--- Data for processing ---

........

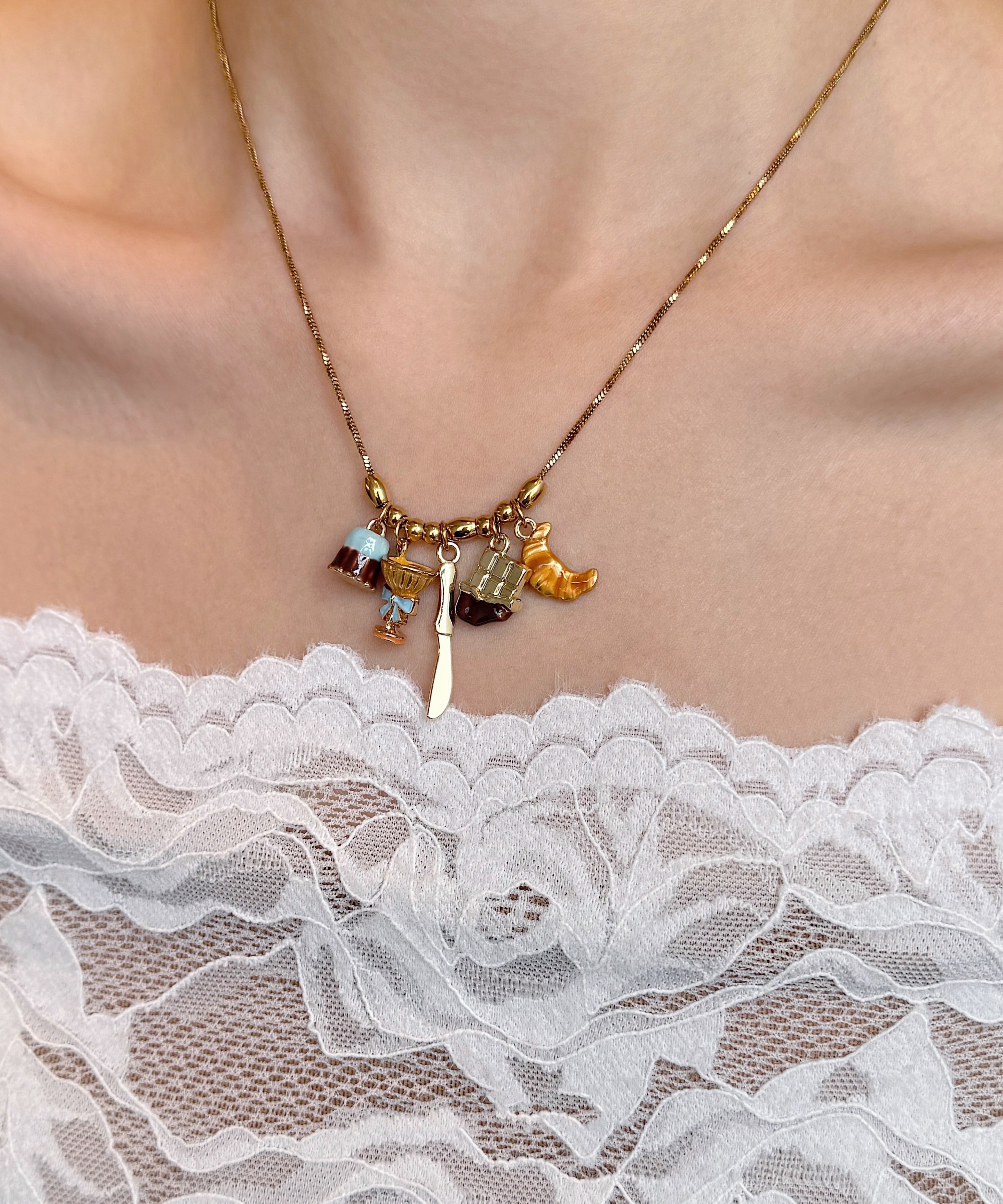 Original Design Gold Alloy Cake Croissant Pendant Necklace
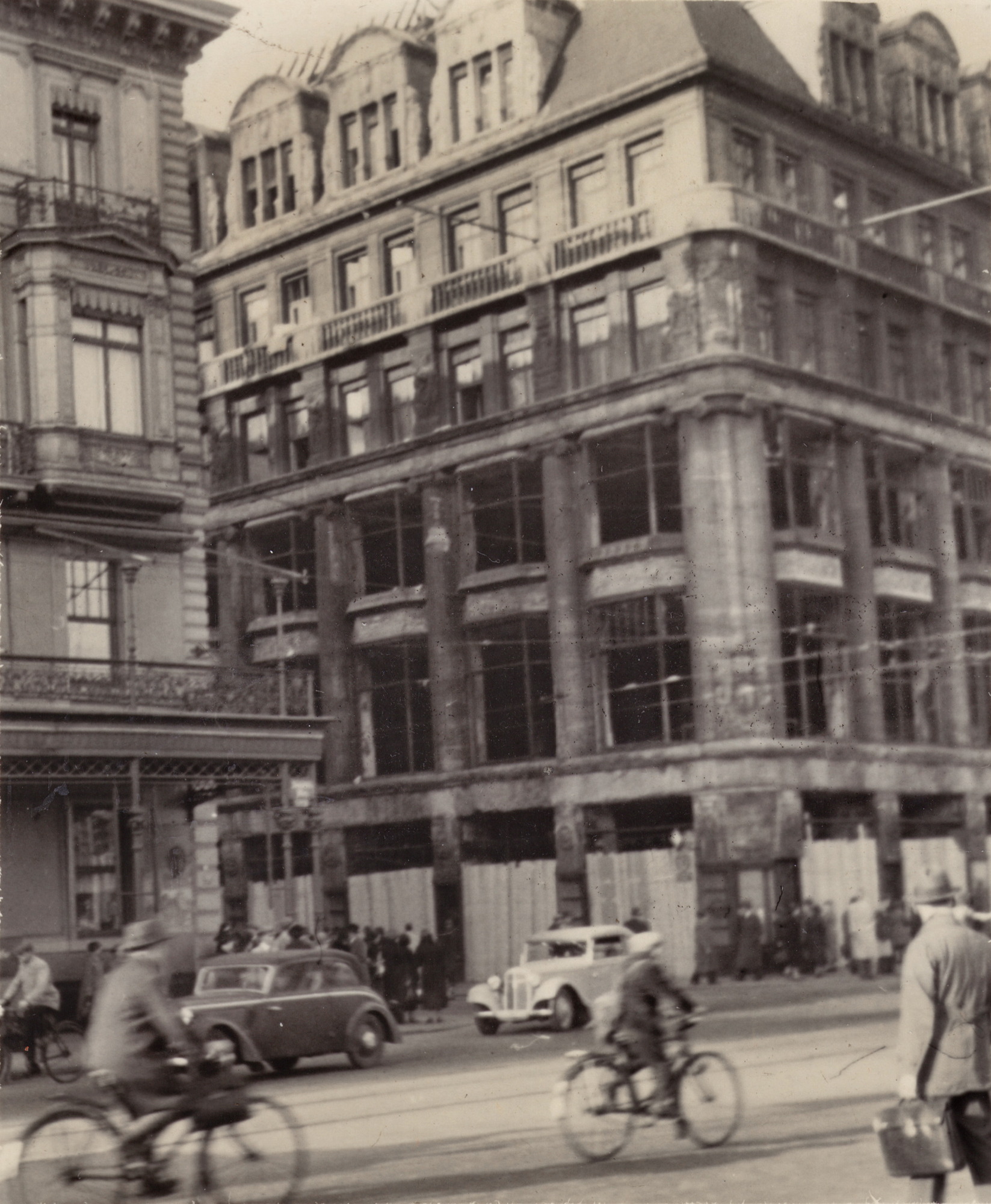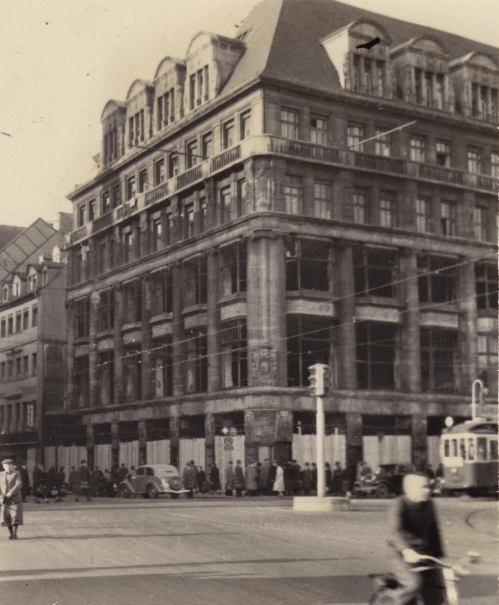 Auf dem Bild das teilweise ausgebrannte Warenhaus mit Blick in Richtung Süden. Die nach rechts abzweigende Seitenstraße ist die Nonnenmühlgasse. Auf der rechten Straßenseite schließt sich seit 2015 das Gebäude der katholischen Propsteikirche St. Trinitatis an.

........

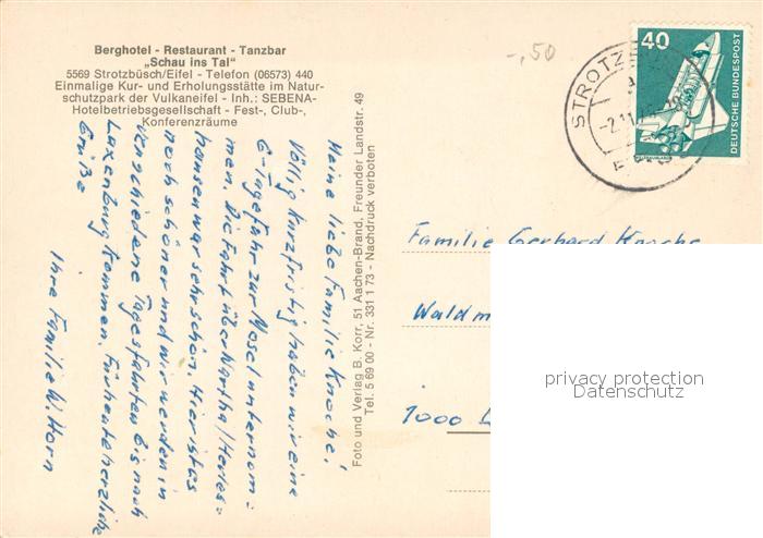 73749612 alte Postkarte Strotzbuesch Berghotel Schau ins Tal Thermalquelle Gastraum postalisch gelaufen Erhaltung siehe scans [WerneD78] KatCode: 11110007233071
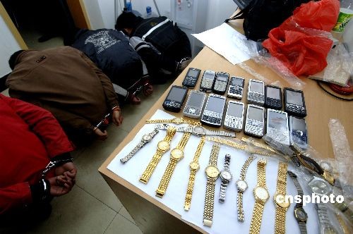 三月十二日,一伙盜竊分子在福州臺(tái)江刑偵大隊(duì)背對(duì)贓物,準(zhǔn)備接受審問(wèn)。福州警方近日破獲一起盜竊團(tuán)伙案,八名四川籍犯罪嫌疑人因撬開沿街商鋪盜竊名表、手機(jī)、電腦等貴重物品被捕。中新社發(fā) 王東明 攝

........

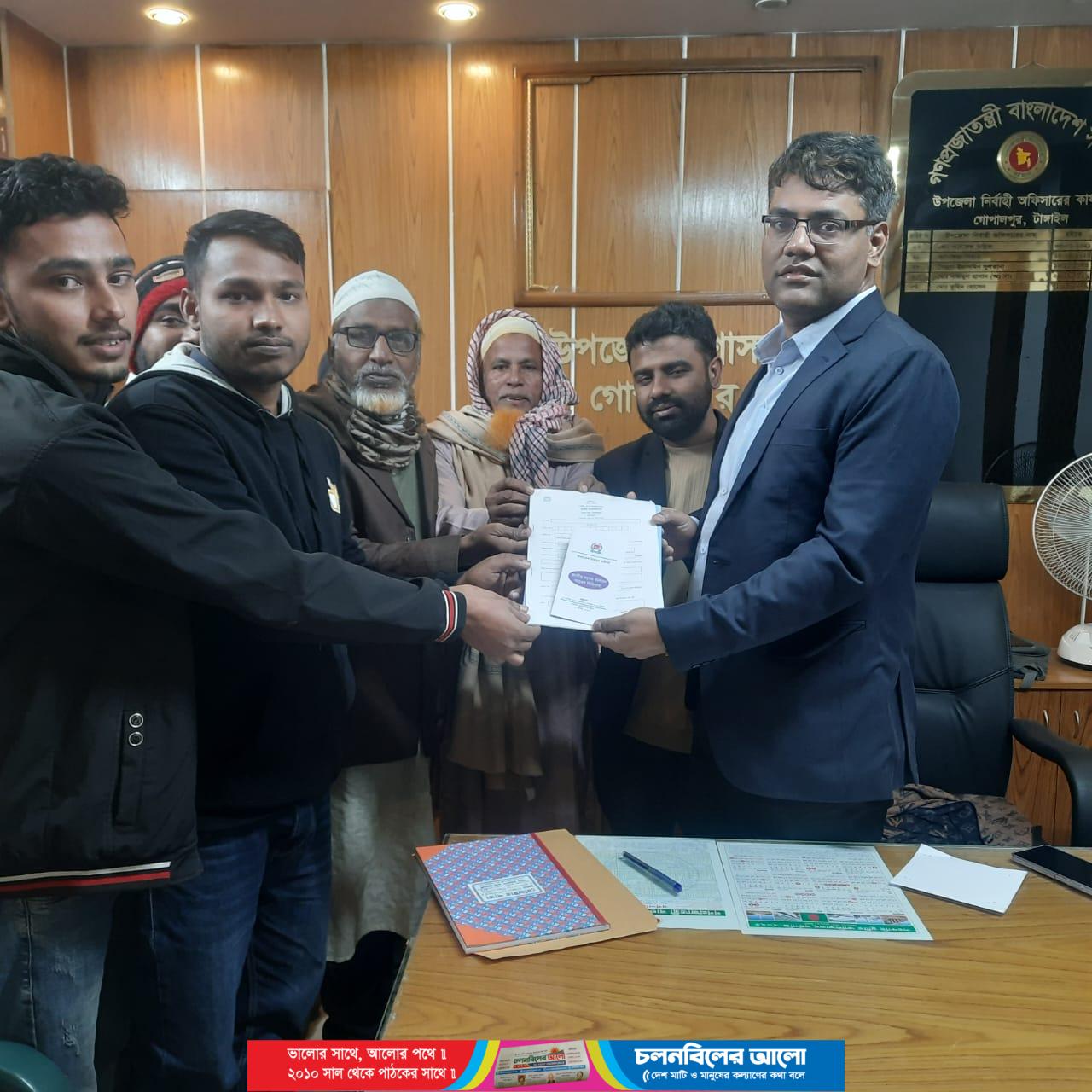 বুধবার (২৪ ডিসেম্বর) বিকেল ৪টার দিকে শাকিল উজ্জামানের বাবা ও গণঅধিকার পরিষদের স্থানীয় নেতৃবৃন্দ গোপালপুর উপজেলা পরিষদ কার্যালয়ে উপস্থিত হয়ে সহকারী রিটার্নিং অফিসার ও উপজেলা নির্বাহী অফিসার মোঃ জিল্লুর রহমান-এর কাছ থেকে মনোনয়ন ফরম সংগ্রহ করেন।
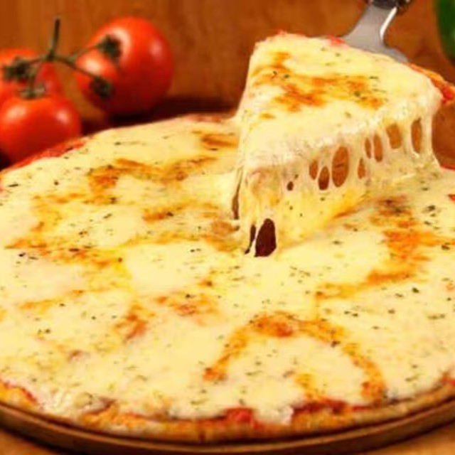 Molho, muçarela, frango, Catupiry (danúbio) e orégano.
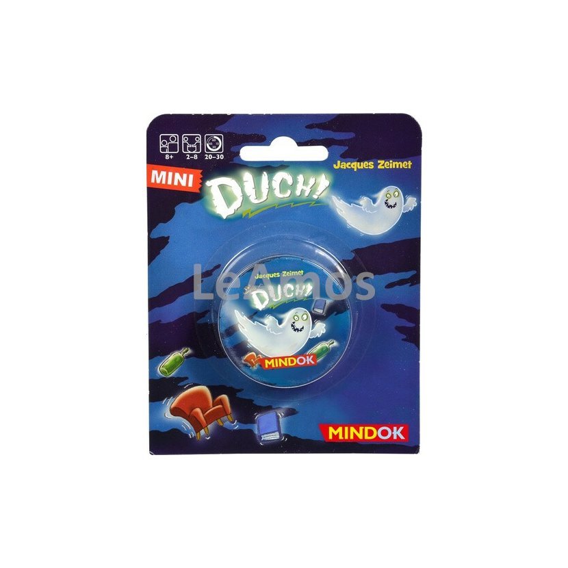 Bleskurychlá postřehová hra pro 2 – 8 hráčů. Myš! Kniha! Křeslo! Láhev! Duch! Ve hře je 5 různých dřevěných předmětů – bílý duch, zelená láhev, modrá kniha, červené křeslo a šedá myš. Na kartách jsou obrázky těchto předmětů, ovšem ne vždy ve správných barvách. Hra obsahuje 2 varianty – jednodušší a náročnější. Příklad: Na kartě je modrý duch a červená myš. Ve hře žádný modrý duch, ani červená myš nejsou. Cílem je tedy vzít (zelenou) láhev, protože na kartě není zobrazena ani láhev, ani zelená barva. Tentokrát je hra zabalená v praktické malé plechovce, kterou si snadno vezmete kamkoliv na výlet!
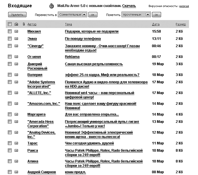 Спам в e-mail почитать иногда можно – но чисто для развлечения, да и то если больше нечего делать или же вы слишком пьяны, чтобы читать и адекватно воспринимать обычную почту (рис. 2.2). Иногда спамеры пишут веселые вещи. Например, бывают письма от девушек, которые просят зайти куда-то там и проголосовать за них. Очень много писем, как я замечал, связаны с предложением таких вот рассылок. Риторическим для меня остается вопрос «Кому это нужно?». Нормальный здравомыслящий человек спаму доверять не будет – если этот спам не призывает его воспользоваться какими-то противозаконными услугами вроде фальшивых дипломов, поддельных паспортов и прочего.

........

--- Task objective ---
Look above for the line containing "বুধবার (২৪ ডিসেম্বর)", then copy exactly from it through the line containing "Спам в e-mail", keeping both and leaving out pictures. Add nothing else.

--- Solution ---
 বুধবার (২৪ ডিসেম্বর) বিকেল ৪টার দিকে শাকিল উজ্জামানের বাবা ও গণঅধিকার পরিষদের স্থানীয় নেতৃবৃন্দ গোপালপুর উপজেলা পরিষদ কার্যালয়ে উপস্থিত হয়ে সহকারী রিটার্নিং অফিসার ও উপজেলা নির্বাহী অফিসার মোঃ জিল্লুর রহমান-এর কাছ থেকে মনোনয়ন ফরম সংগ্রহ করেন।
 Molho, muçarela, frango, Catupiry (danúbio) e orégano.
 Bleskurychlá postřehová hra pro 2 – 8 hráčů. Myš! Kniha! Křeslo! Láhev! Duch! Ve hře je 5 různých dřevěných předmětů – bílý duch, zelená láhev, modrá kniha, červené křeslo a šedá myš. Na kartách jsou obrázky těchto předmětů, ovšem ne vždy ve správných barvách. Hra obsahuje 2 varianty – jednodušší a náročnější. Příklad: Na kartě je modrý duch a červená myš. Ve hře žádný modrý duch, ani červená myš nejsou. Cílem je tedy vzít (zelenou) láhev, protože na kartě není zobrazena ani láhev, ani zelená barva. Tentokrát je hra zabalená v praktické malé plechovce, kterou si snadno vezmete kamkoliv na výlet!
 Спам в e-mail почитать иногда можно – но чисто для развлечения, да и то если больше нечего делать или же вы слишком пьяны, чтобы читать и адекватно воспринимать обычную почту (рис. 2.2). Иногда спамеры пишут веселые вещи. Например, бывают письма от девушек, которые просят зайти куда-то там и проголосовать за них. Очень много писем, как я замечал, связаны с предложением таких вот рассылок. Риторическим для меня остается вопрос «Кому это нужно?». Нормальный здравомыслящий человек спаму доверять не будет – если этот спам не призывает его воспользоваться какими-то противозаконными услугами вроде фальшивых дипломов, поддельных паспортов и прочего.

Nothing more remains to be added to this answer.